[WHAT IS NEEDED]: Transcribe the records below word for word, beginning with the first line and stopping after the line that contains "NHA CBCS Certification"; pictures are not part of the copy.

[GIVEN RECORDS]:
┄┄┄┄┄┄┄┄┄┄

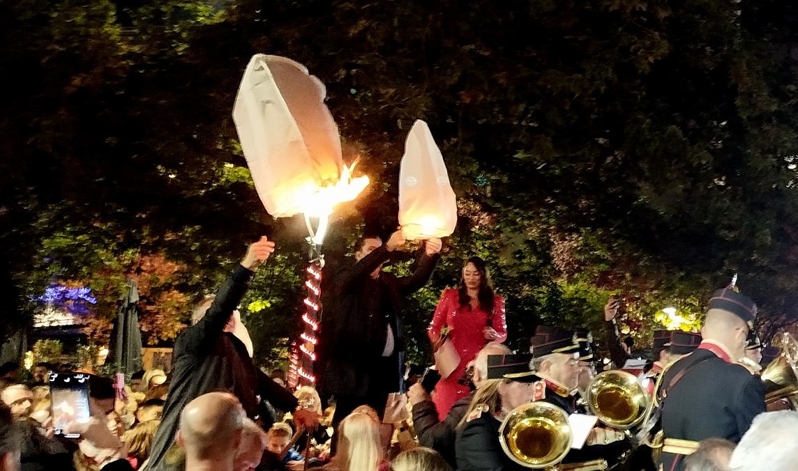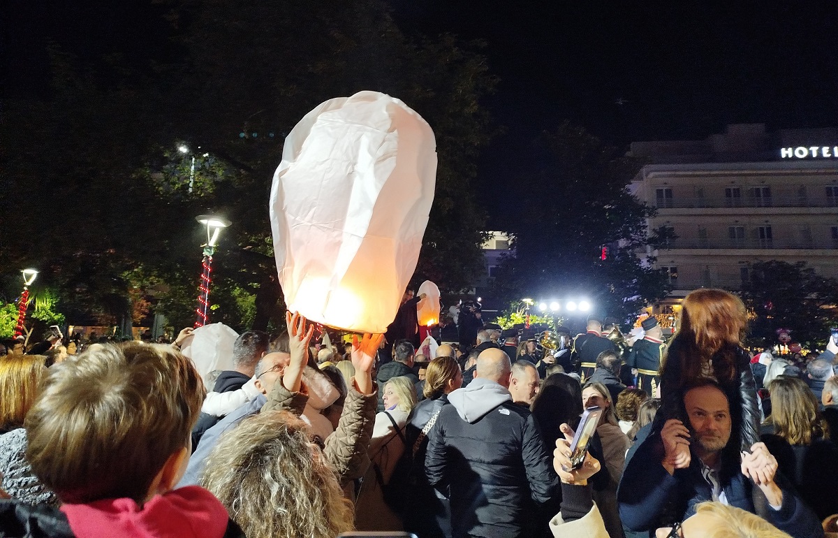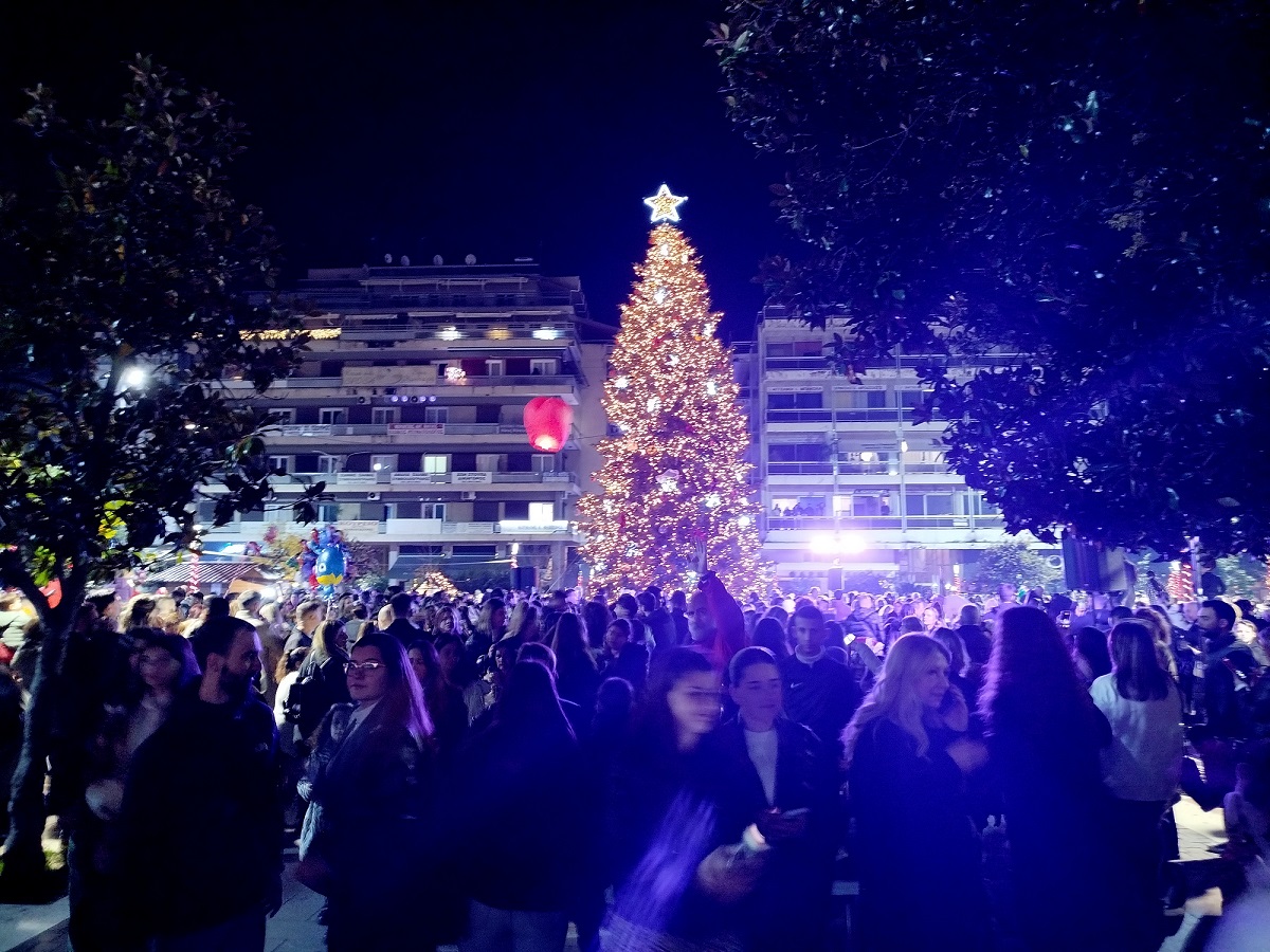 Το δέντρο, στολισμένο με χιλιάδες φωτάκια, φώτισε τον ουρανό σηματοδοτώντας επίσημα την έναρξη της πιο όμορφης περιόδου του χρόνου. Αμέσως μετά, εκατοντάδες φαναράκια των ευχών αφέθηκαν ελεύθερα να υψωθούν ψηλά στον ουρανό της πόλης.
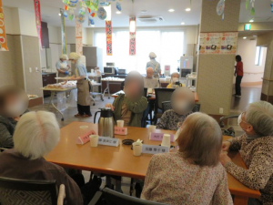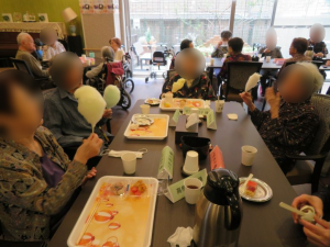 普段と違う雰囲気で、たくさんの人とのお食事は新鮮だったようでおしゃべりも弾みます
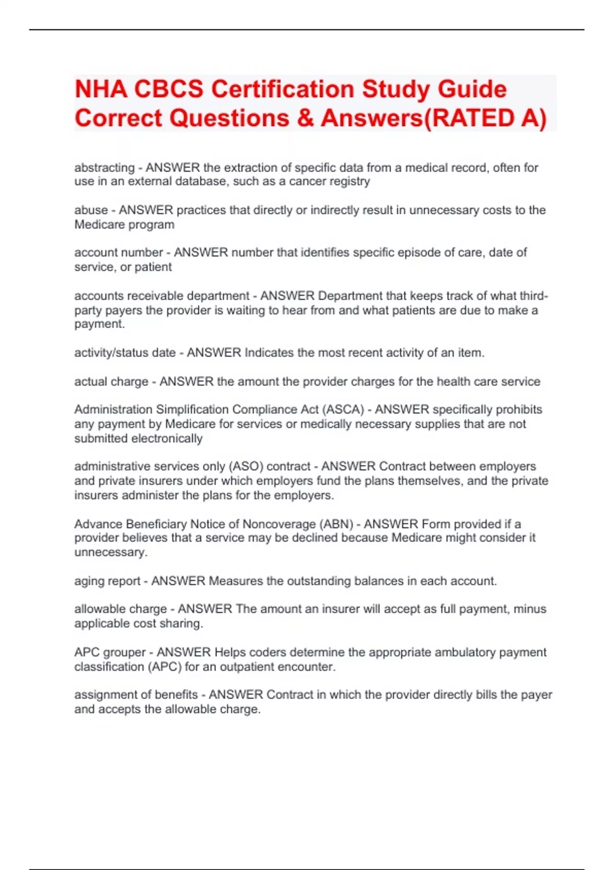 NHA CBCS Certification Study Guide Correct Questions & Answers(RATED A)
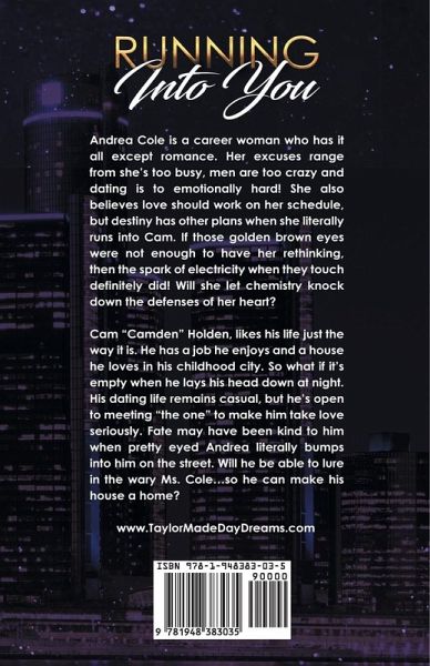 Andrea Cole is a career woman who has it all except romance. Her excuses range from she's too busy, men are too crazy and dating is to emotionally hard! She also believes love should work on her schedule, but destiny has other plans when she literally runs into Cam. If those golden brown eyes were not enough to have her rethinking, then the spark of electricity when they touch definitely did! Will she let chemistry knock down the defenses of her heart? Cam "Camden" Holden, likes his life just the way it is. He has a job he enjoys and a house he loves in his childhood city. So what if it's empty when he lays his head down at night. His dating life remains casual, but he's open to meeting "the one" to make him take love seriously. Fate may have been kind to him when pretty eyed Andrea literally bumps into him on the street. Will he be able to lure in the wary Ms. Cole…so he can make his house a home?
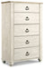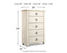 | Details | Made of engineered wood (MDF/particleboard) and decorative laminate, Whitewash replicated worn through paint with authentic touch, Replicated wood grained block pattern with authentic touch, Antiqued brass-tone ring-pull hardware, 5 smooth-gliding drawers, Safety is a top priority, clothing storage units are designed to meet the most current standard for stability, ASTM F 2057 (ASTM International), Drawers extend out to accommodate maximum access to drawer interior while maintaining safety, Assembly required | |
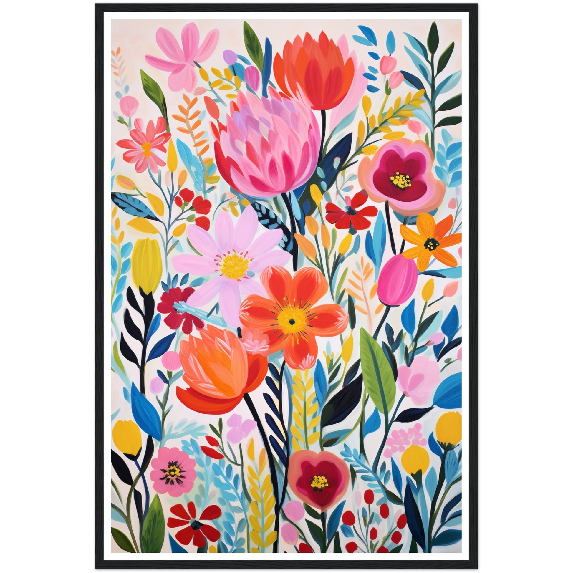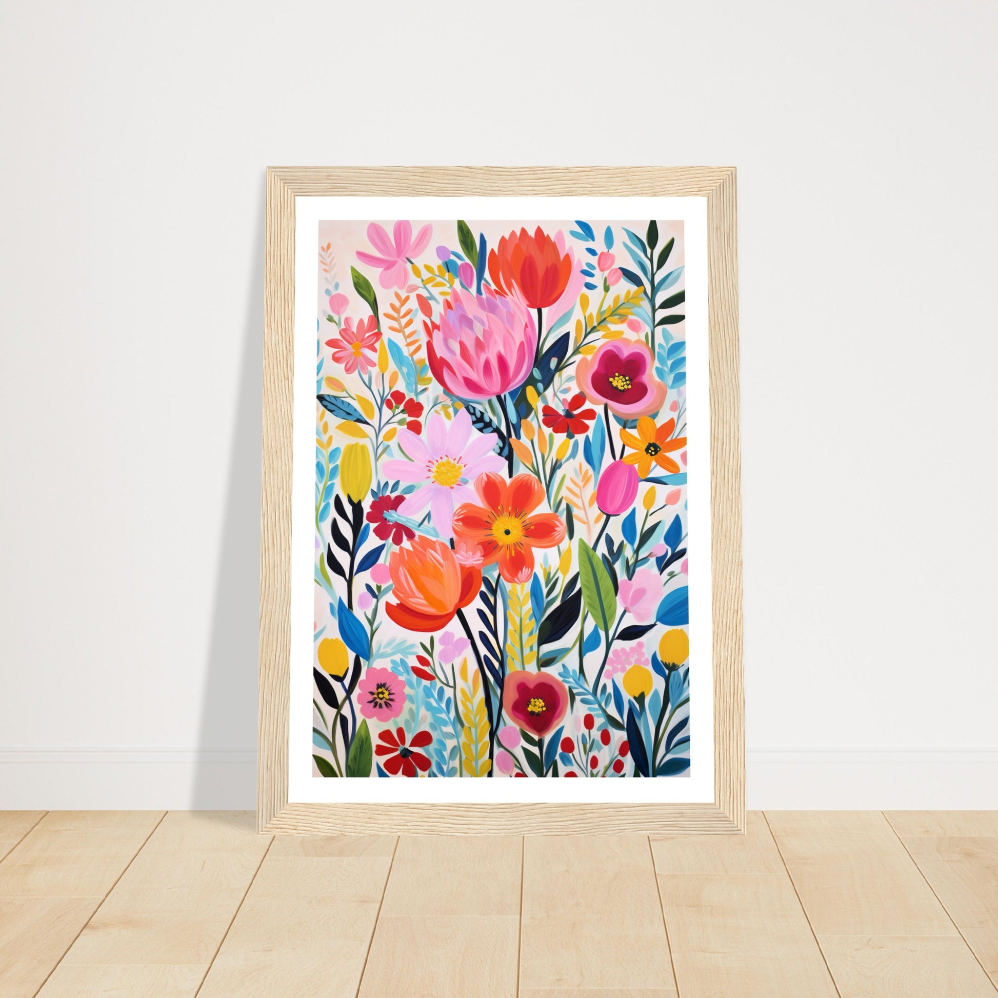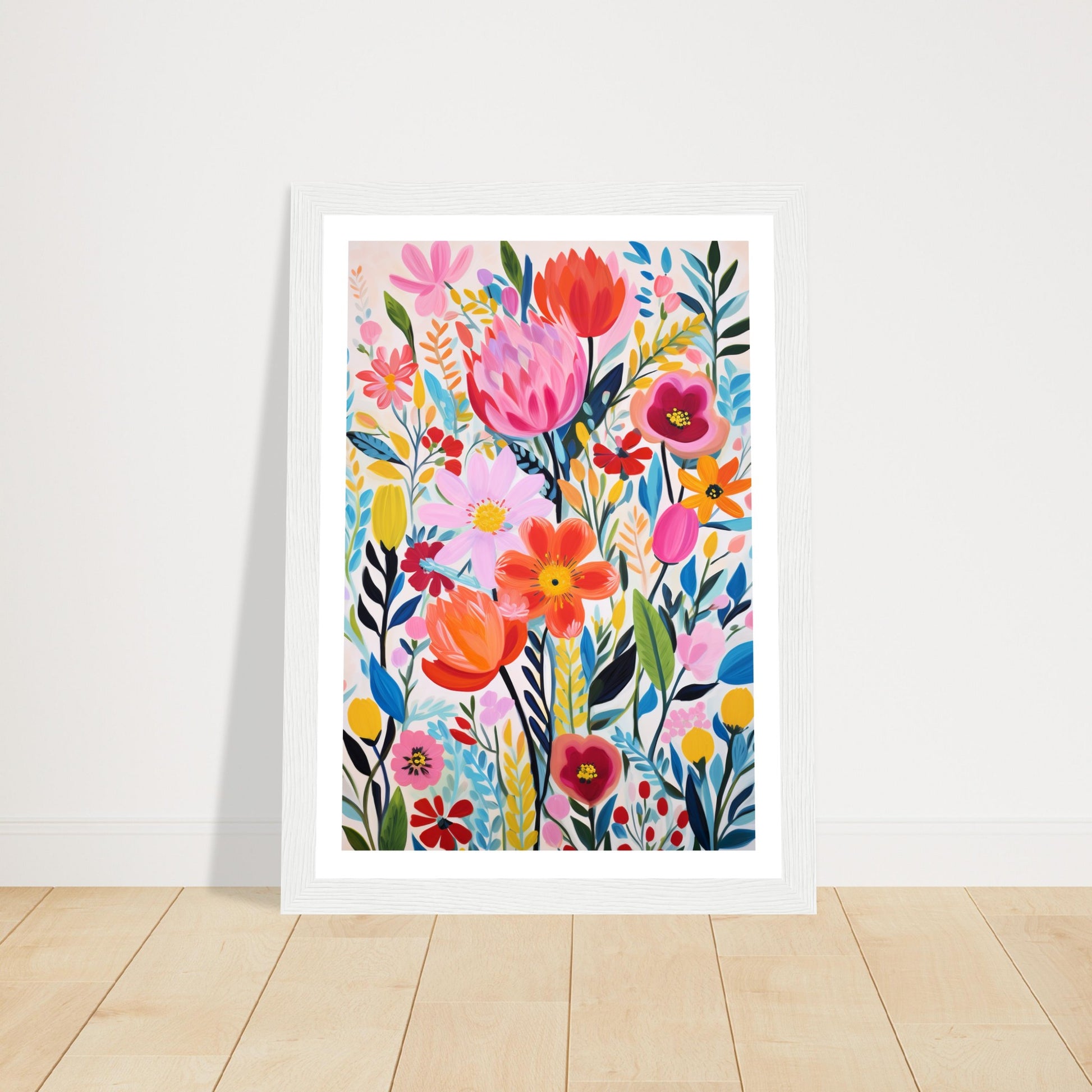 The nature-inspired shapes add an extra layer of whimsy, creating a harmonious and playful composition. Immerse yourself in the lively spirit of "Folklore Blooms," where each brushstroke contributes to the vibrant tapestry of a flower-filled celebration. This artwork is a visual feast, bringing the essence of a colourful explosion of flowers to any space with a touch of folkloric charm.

┄┄┄┄┄┄┄┄┄┄

[RESPONSE TO THIS TASK]:
 Το δέντρο, στολισμένο με χιλιάδες φωτάκια, φώτισε τον ουρανό σηματοδοτώντας επίσημα την έναρξη της πιο όμορφης περιόδου του χρόνου. Αμέσως μετά, εκατοντάδες φαναράκια των ευχών αφέθηκαν ελεύθερα να υψωθούν ψηλά στον ουρανό της πόλης.
 普段と違う雰囲気で、たくさんの人とのお食事は新鮮だったようでおしゃべりも弾みます
 NHA CBCS Certification Study Guide Correct Questions & Answers(RATED A)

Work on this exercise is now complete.